Why can't some things just stay the same? Why, after so many years, do people or companies decided to suddenly change things supposedly improving them? As best as I can tell, my wife loves me. However, when making me a sandwich; with ham, cheese and mustard, she often questions how much she loves me. Don't get me wrong it's not because she doesn't want to make me a sandwich, the reason is because she risks life and limb to do so thanks to the company French's. The great American mustard company, in order to "improve" their product, switched from glass jars to plastic bottles. However, when they tried to "improve" their already great plastic bottle, they inadvertently threatened my wife's life who nearly hemorrhages in the brain trying to squeeze just the right amount of mustard on my sandwich. While in pain, she realizes it's too late and the bottle has let go in a diarrhetic fit flowing mustard not only on my sandwich but also on the counter in case I might want seconds.......Thanks French's!! How d'ya know I'd want seconds?

Wednesday, July 05, 2006

Launder with Care


Every so often in history mankind has a breakthrough in inventing. Be it the wheel, internal combustion engine, or the computer, we seem to always press forward in our achievements. However, there are other times when "inventors" miss the mark, so to speak, with their creations. I, being of sound mind, believe this is what happened to the idiot or idiots that created thong underwear.
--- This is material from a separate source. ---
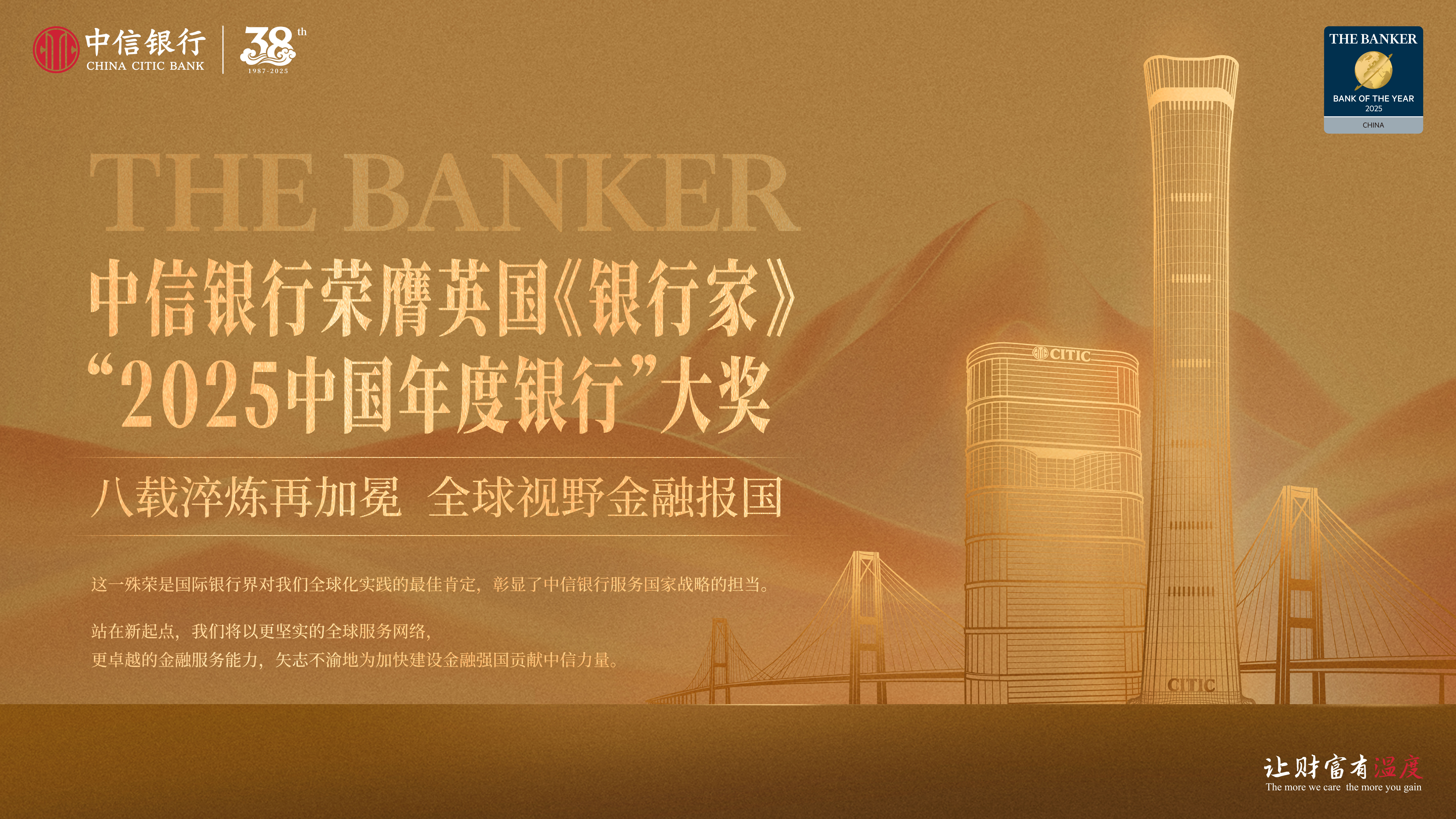 近日,一張漂洋過海且含金量十足的榜單“造訪”了中國銀行業(yè)。在這個被視為“銀行業(yè)奧斯卡”的2025年度評選中,中信銀行站上C位,榮膺“2025年中國年度銀行”。該份榜單是國際專業(yè)財經(jīng)媒體英國《銀行家》(The Banker)對于中信銀行近年來在服務(wù)實體經(jīng)濟領(lǐng)域一系列創(chuàng)新實踐的認(rèn)同與褒獎,在歷屆榜單中,工商銀行、農(nóng)業(yè)銀行等國有大行和幾家頭部股份制銀行也曾斬獲該年度銀行獎項。

Even the name THONG conjures up images of worn sandals or perhaps a sport we're not familiar with. "Come on Tim what do ya say to a game of "Thong" before we go in for supper?" Nowadays, we're supposed to interpret the word and garment for that matter in a sexual way. I see no comparison here. Aside from the obvious, are we supposed to think undergarments that barley cover the "under"; all the while soiling themselves in cracks and crevices of the human body with their anus rope strung from top to bottom like dental floss, are sexy? To ask that question is to answer it leaving someone else to do the laundry.

Someone Else's Genius

Just seeing if this "awesome technological device" works right. You would totally think it wouldn't be hard to post a thought. But alas it is I, the one who turns seemingly easy everyday tasks into quests of extreme difficulty leaving the regular person to ask, "Is he for real!?" Anyway, I thought this picture was pretty cool because #1: I know the person who took it and #2: I was jealous that I didn't take it forcing me to accept someone else's genius. I hate when that happens!!